Issue when parsing large files

CoreOffice / XMLCoder

Easy XML parsing using Codable protocols in Swift

https://coreoffice.github.io/XMLCoder/

MIT License

801 stars 112 forks source link

Issue when parsing large files #251

Closed alexsteinerde closed 1 year ago

alexsteinerde commented 2 years ago

I'm having issues with parsing large files with more than 10MB on Linux (Docker). I researched the topic after finding out it occurs only with Data larger than 10MB. It seems like the libxml2 has a limit of 10_000_000 bytes hardcoded to prevent buffer overflows (XML_MAX_TEXT_LENGTH). But in my case, I would like to override this. The proposed solution is to pass an additional parameter (XML_PARSE_HUGE) to the libxml2 call. But as this is encapsulated in XMLParser I'm not sure if this is possible.

Did anyone of you encounter this issue before? If not, do you have any recommendations to approach the Foundation team to add this kind of option?

Big thanks in advance.

mflint commented 2 years ago

I don't know if it's possible - or even advisable - to increase that buffer size.

For large files, personally I'd start to investigate using a SAX parser, rather than a DOM parser.
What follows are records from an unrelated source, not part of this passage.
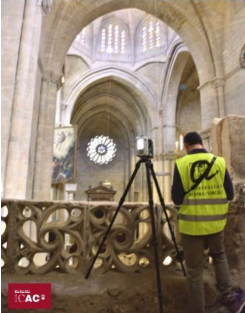
catedral maig 2024 (2) - 1
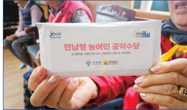
농민이라면 누구나 받는 농민수당, 앞장서서 지급 받을 수 있게 했던 사람 언제나 농민곁에 박웅두
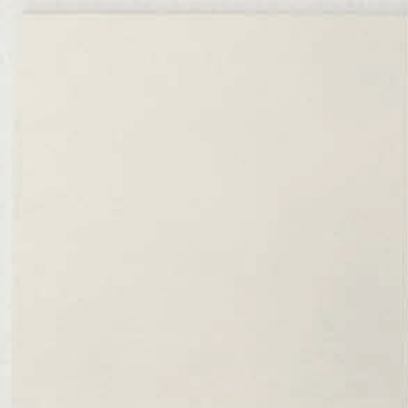
cm 25 x 25 (10"x10")

A collection of indoor floor and wall tiles made of rectified glazed stoneware, including fourteen matt colours in three categories - neutral, background and accent colours - and available in three different sizes. The choice of a solid matt colour giving the collection a silky consistency is enriched with a material texture recalling the weave of printed canvas stamped into the tile: subtle, almost imperceptible variations encouraging the onlooker to approach the tile and discover all its unique details. All Pittorica shapes and sizes, square 25x25 cm - rectangular 6x25 cm and triangular 25x25x35 cm, with a thickness of 10 mm - can be mixed and matched to permit complex, creative decorative schemes. The decorative properties of Pittorica are enhanced by the new rectified formats, which guarantee laying solutions with minimal joints for both floors and walls, bringing out the full, modern spirit of colour expressiveness.
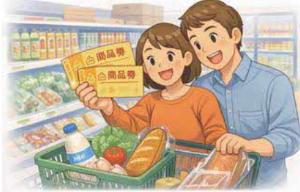
物価高対策を迅速にお届けしてください！

答 本交付金は物価高に苦しむ市民生活を支えるところに重点があるので、可及的速やかに取り組めるよう準備を進める。報道されているおこめ券は、農村部のある本市には適切でないため、商品券を考えている。
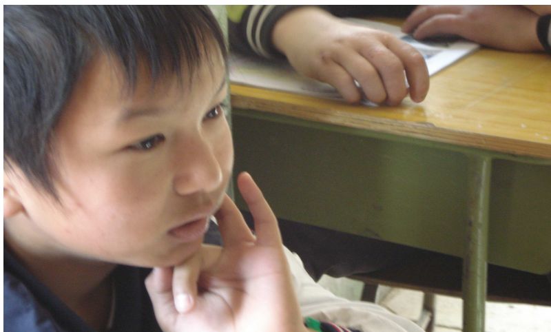
小同学认真听着小老师们讲课

中午1点半左右，支教小组集合出发。作为自强社的一员，本着“传递社会关爱、锻造自强之才”的精神，每位同学都想为这个社会尽一份绵薄之力。所以，
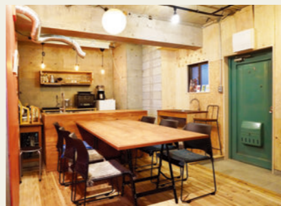
▲ 内菌ビル(内観写真)
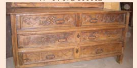
Caixonera de noguera, s. XVI (1,06 x 2 x 1,01m)

ANTIQUARI ENRIC SERRA PLANAS Plaça Sant Domènec 5. Casa Avinyó 17491 Peralada, Girona Tf +34 972 538082
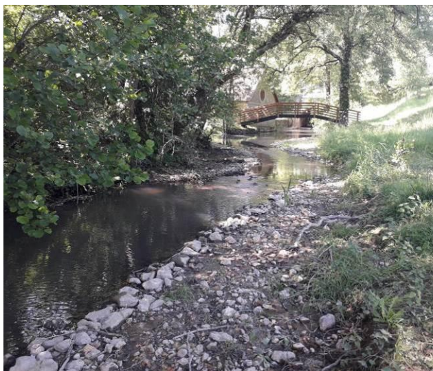
Tronçon amont après travaux
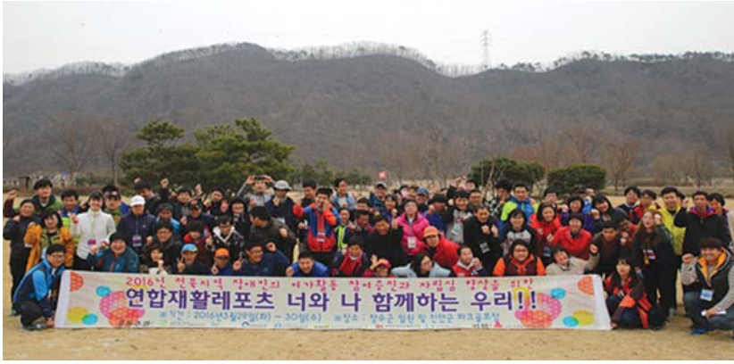
약으로 인해 접해보지 못한 다양한 레포츠체험 활동을 제공하고, 타지역의 장애인들과의 교류를 통해 정보공유 및 친교적 능력을 향상시키고자 한다. /장수=고관호 기자

장애인 연합 재활레포츠 프로그램은 전북사회복지공동모금회 지원으로 올해 총 4회기가 진행되며, 전북지역에 장애인들이 지리적, 신체적 제
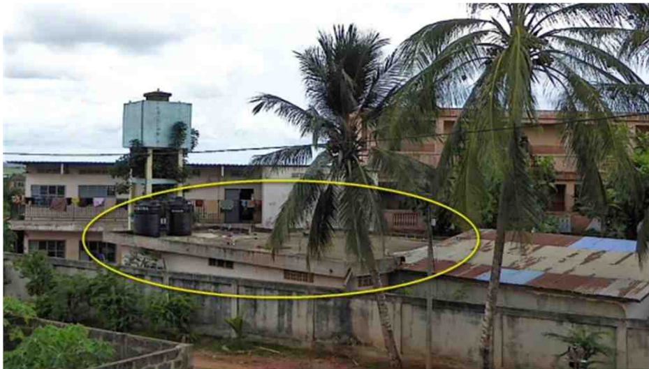
Emplacement de la nouvelle salle (1er étage)

Un financement important a déjà été accordé par le WBI dans le cadre du projet de coopération bilatéral Belgique-Bénin, des financements complémentaires sont en cours d'étude.
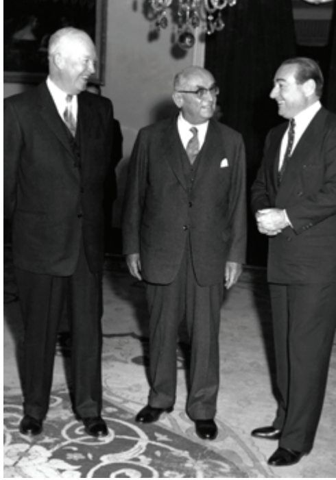
ABD BaŐkanı Eisenhower'ın Türk Yetkilileriyle GörüŐmesi

Joannis commented 2 years ago

I haven't needed this yet, but XMLCoder does interact with FoundationXML rather than libxml2. I'm not aware of any options like this (yet). Regardless, I have to agree with @mflint here. It's unwise aadd very large files in this type of parser. I have discussed swapping out the parser under the hood, and/or supporting other parsing methods. But so far the other maintainers weren't fond.

alexsteinerde commented 1 year ago

Thanks for the answers. It seems as if this cannot get fixed because of the underlying implementation of the used frameworks (libxml2). On Linux, libxml2 is used by the FoundationXML framework as far as I understood (and requesting a change in this isn't worth it for me). In my use-case, the memory footprint didn't matter.

Now my working solution is to remove unneeded XML tags with a regex expression before parsing it. This is not perfect, but it did work for in case.